__EXERCISE DETAILS__.
For this exercise, return exactly the lines of the material below that begin at the one with "Bhandardih village has" and stop after the one with "대학원 시절 작업실 바닥에".

__RECORD SET__.
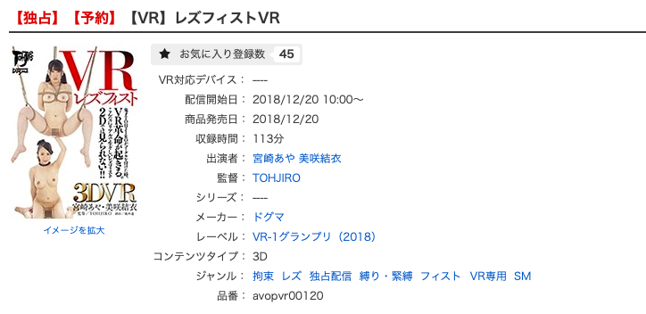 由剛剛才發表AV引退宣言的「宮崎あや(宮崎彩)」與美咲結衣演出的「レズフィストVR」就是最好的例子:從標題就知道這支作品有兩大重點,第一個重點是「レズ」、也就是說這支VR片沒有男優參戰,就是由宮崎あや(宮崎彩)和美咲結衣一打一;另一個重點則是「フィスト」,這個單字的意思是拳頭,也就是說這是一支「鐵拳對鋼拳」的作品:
* * *
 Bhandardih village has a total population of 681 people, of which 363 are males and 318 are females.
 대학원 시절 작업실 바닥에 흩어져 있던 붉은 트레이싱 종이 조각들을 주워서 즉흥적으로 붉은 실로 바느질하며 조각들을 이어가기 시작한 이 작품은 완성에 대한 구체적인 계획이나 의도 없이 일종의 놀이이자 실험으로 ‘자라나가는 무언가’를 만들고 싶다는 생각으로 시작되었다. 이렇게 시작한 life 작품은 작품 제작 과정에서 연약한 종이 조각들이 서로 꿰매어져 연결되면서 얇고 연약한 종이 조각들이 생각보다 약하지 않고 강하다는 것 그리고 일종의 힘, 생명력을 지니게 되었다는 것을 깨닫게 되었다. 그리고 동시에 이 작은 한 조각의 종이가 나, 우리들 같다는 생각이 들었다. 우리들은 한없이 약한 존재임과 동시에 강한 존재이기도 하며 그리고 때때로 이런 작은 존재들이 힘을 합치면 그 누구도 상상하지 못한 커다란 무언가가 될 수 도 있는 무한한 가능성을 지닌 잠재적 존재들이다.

__TASK ANSWER__.
 Bhandardih village has a total population of 681 people, of which 363 are males and 318 are females.
 대학원 시절 작업실 바닥에 흩어져 있던 붉은 트레이싱 종이 조각들을 주워서 즉흥적으로 붉은 실로 바느질하며 조각들을 이어가기 시작한 이 작품은 완성에 대한 구체적인 계획이나 의도 없이 일종의 놀이이자 실험으로 ‘자라나가는 무언가’를 만들고 싶다는 생각으로 시작되었다. 이렇게 시작한 life 작품은 작품 제작 과정에서 연약한 종이 조각들이 서로 꿰매어져 연결되면서 얇고 연약한 종이 조각들이 생각보다 약하지 않고 강하다는 것 그리고 일종의 힘, 생명력을 지니게 되었다는 것을 깨닫게 되었다. 그리고 동시에 이 작은 한 조각의 종이가 나, 우리들 같다는 생각이 들었다. 우리들은 한없이 약한 존재임과 동시에 강한 존재이기도 하며 그리고 때때로 이런 작은 존재들이 힘을 합치면 그 누구도 상상하지 못한 커다란 무언가가 될 수 도 있는 무한한 가능성을 지닌 잠재적 존재들이다.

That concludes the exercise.